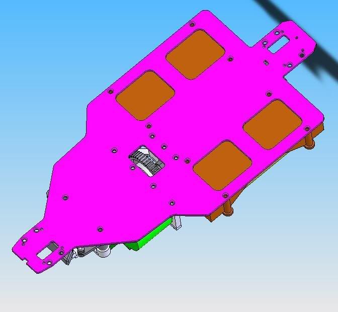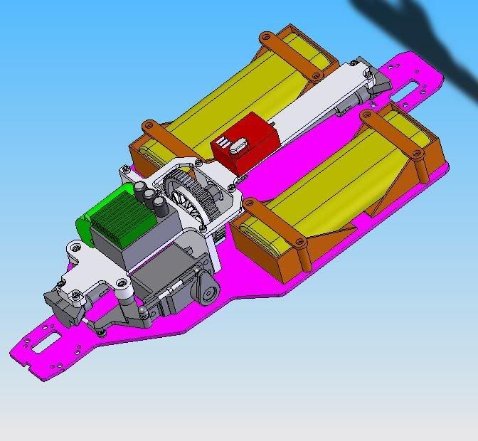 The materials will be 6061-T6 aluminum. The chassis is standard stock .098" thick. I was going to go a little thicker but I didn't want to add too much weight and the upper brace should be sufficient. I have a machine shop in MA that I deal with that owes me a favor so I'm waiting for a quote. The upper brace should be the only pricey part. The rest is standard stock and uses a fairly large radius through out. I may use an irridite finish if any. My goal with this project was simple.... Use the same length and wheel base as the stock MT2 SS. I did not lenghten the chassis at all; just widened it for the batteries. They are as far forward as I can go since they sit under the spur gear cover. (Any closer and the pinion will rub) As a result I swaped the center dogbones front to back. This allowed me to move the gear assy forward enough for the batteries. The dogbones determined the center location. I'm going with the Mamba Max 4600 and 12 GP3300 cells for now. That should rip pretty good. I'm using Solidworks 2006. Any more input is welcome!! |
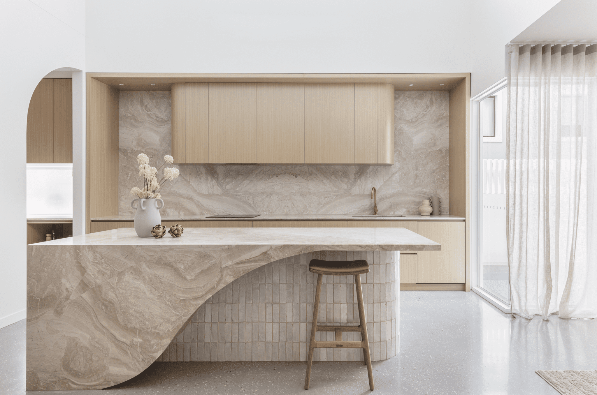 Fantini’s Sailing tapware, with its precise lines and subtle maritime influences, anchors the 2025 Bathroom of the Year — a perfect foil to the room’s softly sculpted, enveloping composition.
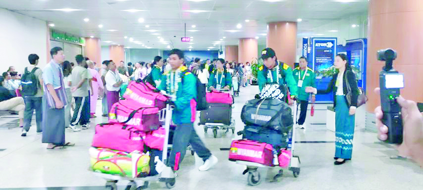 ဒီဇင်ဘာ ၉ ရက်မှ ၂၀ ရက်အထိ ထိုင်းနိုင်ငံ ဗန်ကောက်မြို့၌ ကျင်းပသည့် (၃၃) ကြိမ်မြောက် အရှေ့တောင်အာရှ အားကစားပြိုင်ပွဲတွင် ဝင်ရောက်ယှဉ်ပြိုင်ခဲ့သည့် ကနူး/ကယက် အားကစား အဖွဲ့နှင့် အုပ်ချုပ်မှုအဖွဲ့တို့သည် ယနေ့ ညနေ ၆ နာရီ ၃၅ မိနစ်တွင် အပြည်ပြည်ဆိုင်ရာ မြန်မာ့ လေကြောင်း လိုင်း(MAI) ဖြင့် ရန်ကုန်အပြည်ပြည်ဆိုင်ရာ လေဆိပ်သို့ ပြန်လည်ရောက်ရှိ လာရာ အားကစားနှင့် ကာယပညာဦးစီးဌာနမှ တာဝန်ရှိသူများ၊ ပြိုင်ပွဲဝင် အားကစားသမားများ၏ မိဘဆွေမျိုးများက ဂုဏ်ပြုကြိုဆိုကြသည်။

● ● ● ● ● ● ●

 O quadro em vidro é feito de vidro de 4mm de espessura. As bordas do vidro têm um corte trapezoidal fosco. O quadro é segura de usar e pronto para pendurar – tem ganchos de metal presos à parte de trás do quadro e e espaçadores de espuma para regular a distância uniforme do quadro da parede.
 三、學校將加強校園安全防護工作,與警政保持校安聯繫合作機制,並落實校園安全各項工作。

● ● ● ● ● ● ●

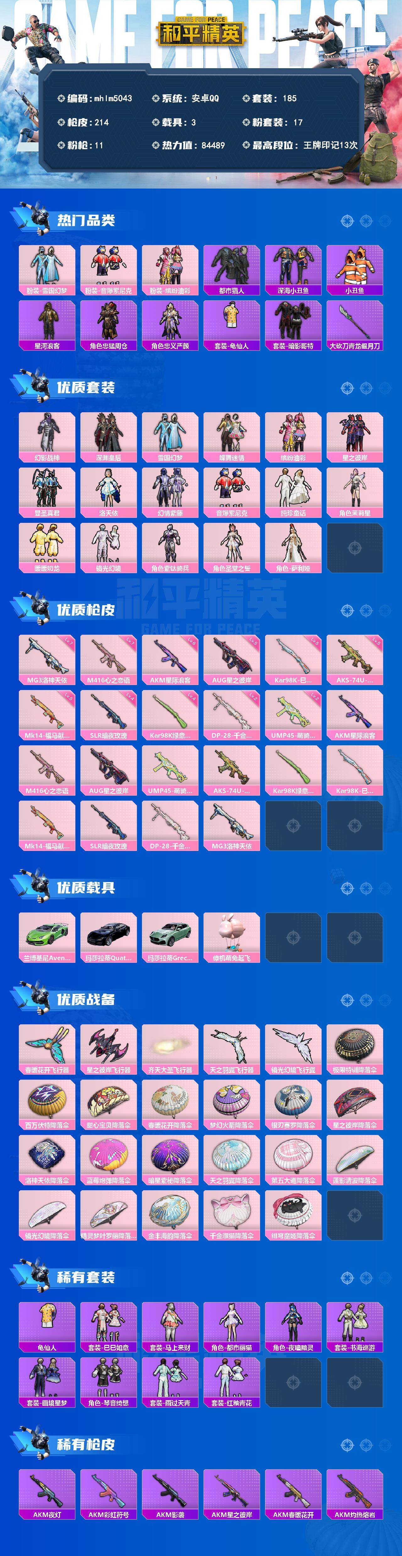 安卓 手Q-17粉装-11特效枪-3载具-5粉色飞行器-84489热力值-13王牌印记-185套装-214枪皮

● ● ● ● ● ● ●

**The problem:** In the records above, find the line containing "The materials will" and the line containing "ဒီဇင်ဘာ ၉ ရက်မှ", then give both of them again word for word along with every line between. Omit any pictures.

**Result:**
 The materials will be 6061-T6 aluminum. The chassis is standard stock .098" thick. I was going to go a little thicker but I didn't want to add too much weight and the upper brace should be sufficient. I have a machine shop in MA that I deal with that owes me a favor so I'm waiting for a quote. The upper brace should be the only pricey part. The rest is standard stock and uses a fairly large radius through out. I may use an irridite finish if any. My goal with this project was simple.... Use the same length and wheel base as the stock MT2 SS. I did not lenghten the chassis at all; just widened it for the batteries. They are as far forward as I can go since they sit under the spur gear cover. (Any closer and the pinion will rub) As a result I swaped the center dogbones front to back. This allowed me to move the gear assy forward enough for the batteries. The dogbones determined the center location. I'm going with the Mamba Max 4600 and 12 GP3300 cells for now. That should rip pretty good. I'm using Solidworks 2006. Any more input is welcome!! |
 Fantini’s Sailing tapware, with its precise lines and subtle maritime influences, anchors the 2025 Bathroom of the Year — a perfect foil to the room’s softly sculpted, enveloping composition.
 ဒီဇင်ဘာ ၉ ရက်မှ ၂၀ ရက်အထိ ထိုင်းနိုင်ငံ ဗန်ကောက်မြို့၌ ကျင်းပသည့် (၃၃) ကြိမ်မြောက် အရှေ့တောင်အာရှ အားကစားပြိုင်ပွဲတွင် ဝင်ရောက်ယှဉ်ပြိုင်ခဲ့သည့် ကနူး/ကယက် အားကစား အဖွဲ့နှင့် အုပ်ချုပ်မှုအဖွဲ့တို့သည် ယနေ့ ညနေ ၆ နာရီ ၃၅ မိနစ်တွင် အပြည်ပြည်ဆိုင်ရာ မြန်မာ့ လေကြောင်း လိုင်း(MAI) ဖြင့် ရန်ကုန်အပြည်ပြည်ဆိုင်ရာ လေဆိပ်သို့ ပြန်လည်ရောက်ရှိ လာရာ အားကစားနှင့် ကာယပညာဦးစီးဌာနမှ တာဝန်ရှိသူများ၊ ပြိုင်ပွဲဝင် အားကစားသမားများ၏ မိဘဆွေမျိုးများက ဂုဏ်ပြုကြိုဆိုကြသည်။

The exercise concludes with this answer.